Когда она сворачивала на неасфальтированную, всю в лужах дорожку, ведущую к ее собственному дому, то первым делом в глаза бросались те же двери для патио, которыми Йон обрамил ярко освещенный интерьер их жилища – вместе со всем беспорядком. Была видна стремянка, недоделанные кухонные полки, кусок лестницы и доски, освещенные лампочкой (которую Йон всегда оставлял гореть, где бы сам в это время ни работал). Обычно он целый день трудился в сарае, а когда начинало темнеть, отпускал свою ученицу и переходил в дом и там снова принимался за работу. Услышав приближающуюся машину, он на секунду поворачивал голову в сторону Джойс – это было приветствие. Руки у него вечно были заняты, так что помахать ей он не мог. Сидя в машине с выключенными фарами и собирая пакеты с покупками и почтой, Джойс радовалась, что остался последний рывок до двери сквозь эту тьму, ветер и холодный дождь. Она как будто стряхивала с себя длинный рабочий день, беспокойный и суетливый, с бесконечными уроками музыки, которые давала бесчисленным ученикам – то безразличным, то восприимчивым. Все-таки лучше иметь дело только с деревом и трудиться в одиночестве – ученица не в счет, – чем с этими непредсказуемыми юнцами.
Ничего этого она Йону не говорила. Он терпеть не мог разговоров о том, как это солидно, почетно и благородно – работать с деревом. Какое достоинство это придает человеку, какое уважение внушает и так далее.
Он на это отвечал коротко: брехня.
Йон и Джойс познакомились, когда еще учились в школе, в большом промышленном городе в провинции Онтарио. Джойс по коэффициенту интеллекта занимала второе место в классе, а у Йона IQ был самый высокий не только в школе, но и, наверное, во всем городе. Все ожидали, что Джойс станет выдающейся скрипачкой – это еще до того, как она сменила скрипку на виолончель. А из него должен был обязательно получиться один из тех сумасшедших ученых, чьи труды совершенно недоступны умам простых смертных.

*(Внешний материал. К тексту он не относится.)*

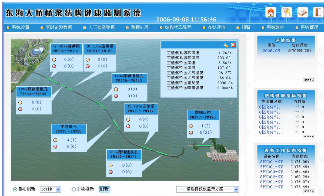
Fig. 3 Main features of SHMSDH

The software for SHMSDH was developed and the system can be accessed via internet by authorized users (Fig. 3). The maintenance engineers can monitor the operation state of the bridge. The researchers can access the data base to download the historical data and get real time data for analysis. The administrator can set the system parameters, change the data sampling rule, and maintain the sensors and other hardware online.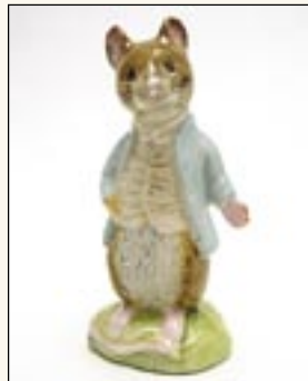
Johnny Townmouse Beswick $100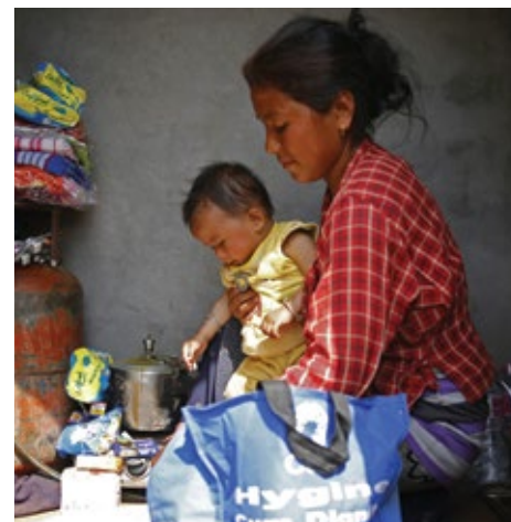
Emergency kits in Paslang Village, Nepal

people in 2015 through its humanitarian response.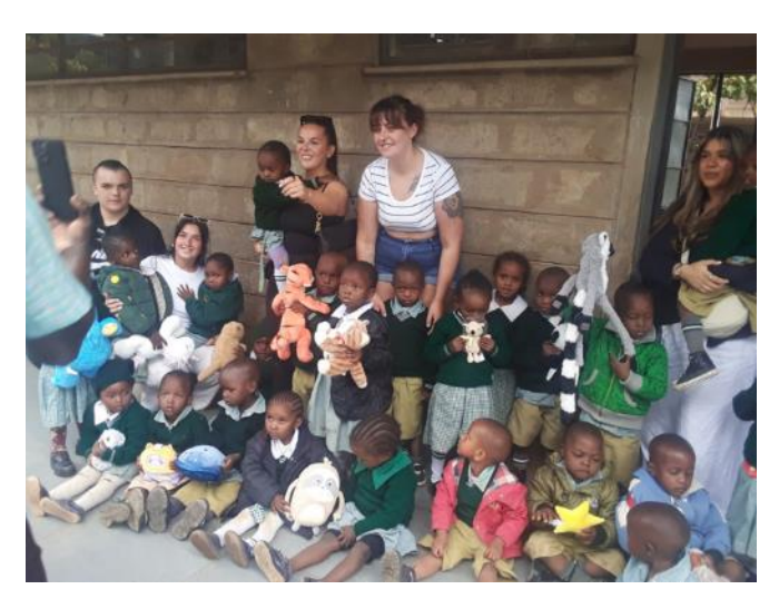
St Elizabeth Children received some toys from the BA crewmembers

St Elizabeth Primary School mother and son were left homeless and without clothes or food after the recent fire destroyed their shanty in Mukuru Kwa Rueben.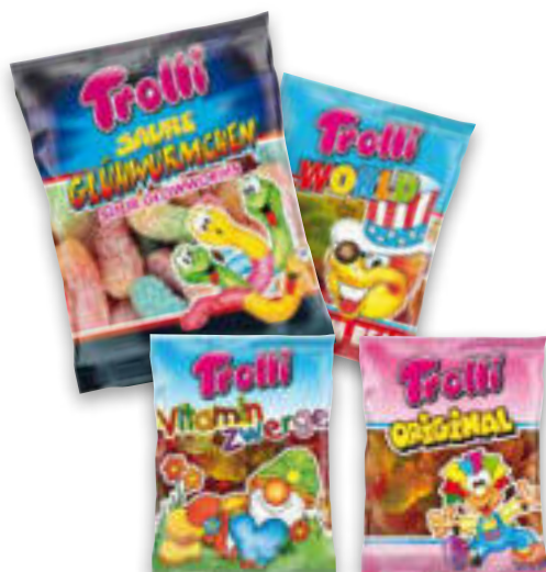
Trolli Sour Glowworms Article 1266, 10 g also available in different varieties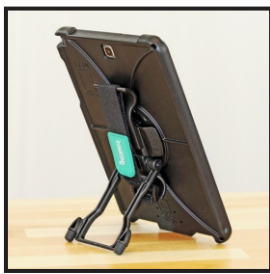
RAM® HandStand™ P/N: RAM-GDS-SS1U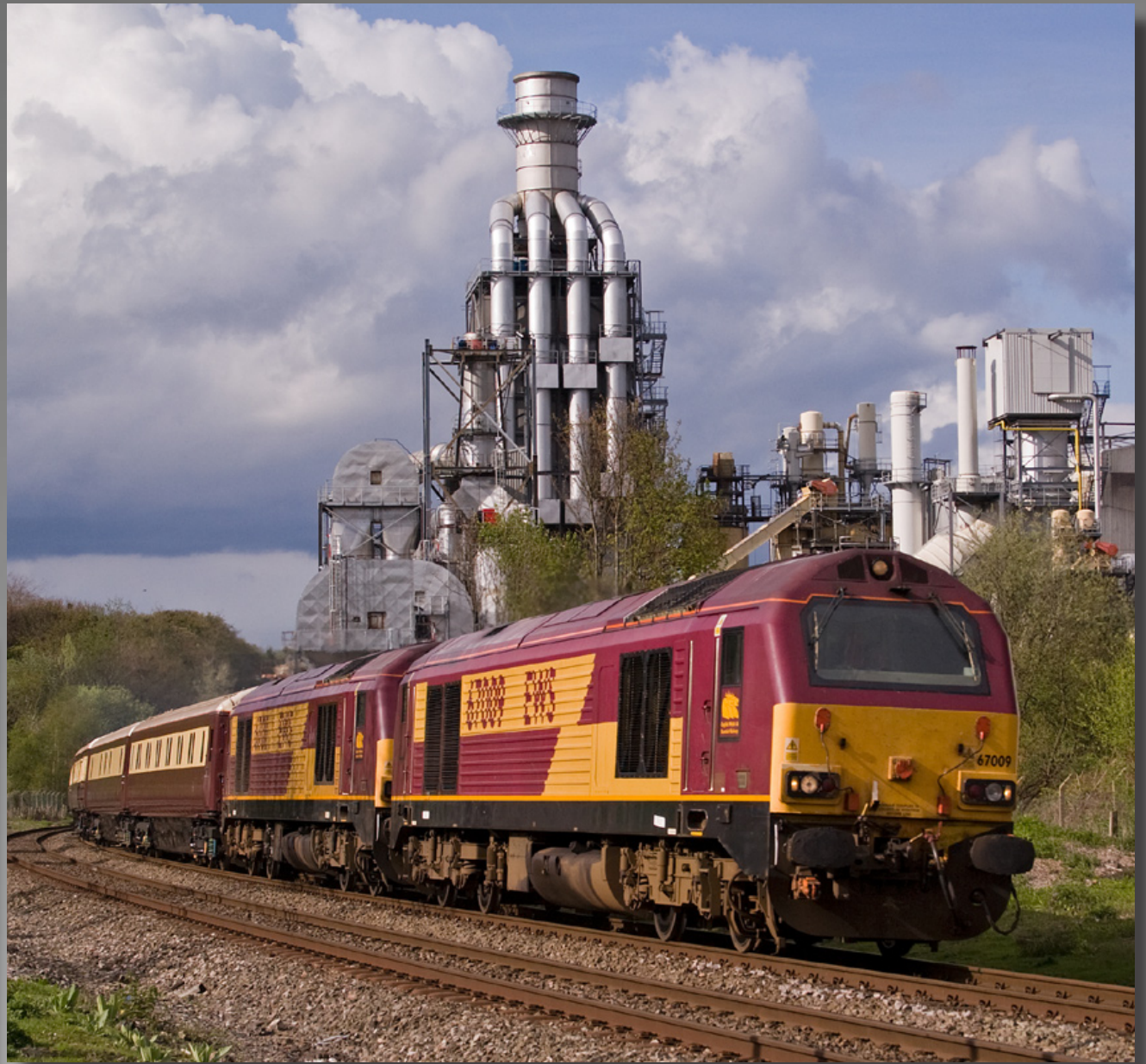
Above: Class 67 009 and 67 011 working 5Z37 Crewe - Gobowen pass Chirk on the 2nd May.

Однако уже на первом курсе они вместе бросили университет и сбежали из города. Работали где придется, путешествовали по всему континенту, год прожили на берегу океана в Орегоне и, так и не вернувшись домой, помирились с родителями, для которых оба были как свет в окошке. Времена хиппи уже давно прошли, но родители называли их именно так. Сами молодые люди с этим не согласились бы. Они не принимали наркотиков, одевались вполне обычно, хотя и как придется. Йон никогда не забывал бриться, и Джойс регулярно стригла ему волосы. В конце концов им надоело менять одну низкооплачиваемую работу на другую. И тогда Йон и Джойс одолжили у разочаровавшихся в них родственников сумму, достаточную для того, чтобы можно было начать лучшую жизнь. Йон обучился ремеслу столяра, а Джойс получила диплом, дававший ей право вести уроки музыки в школе.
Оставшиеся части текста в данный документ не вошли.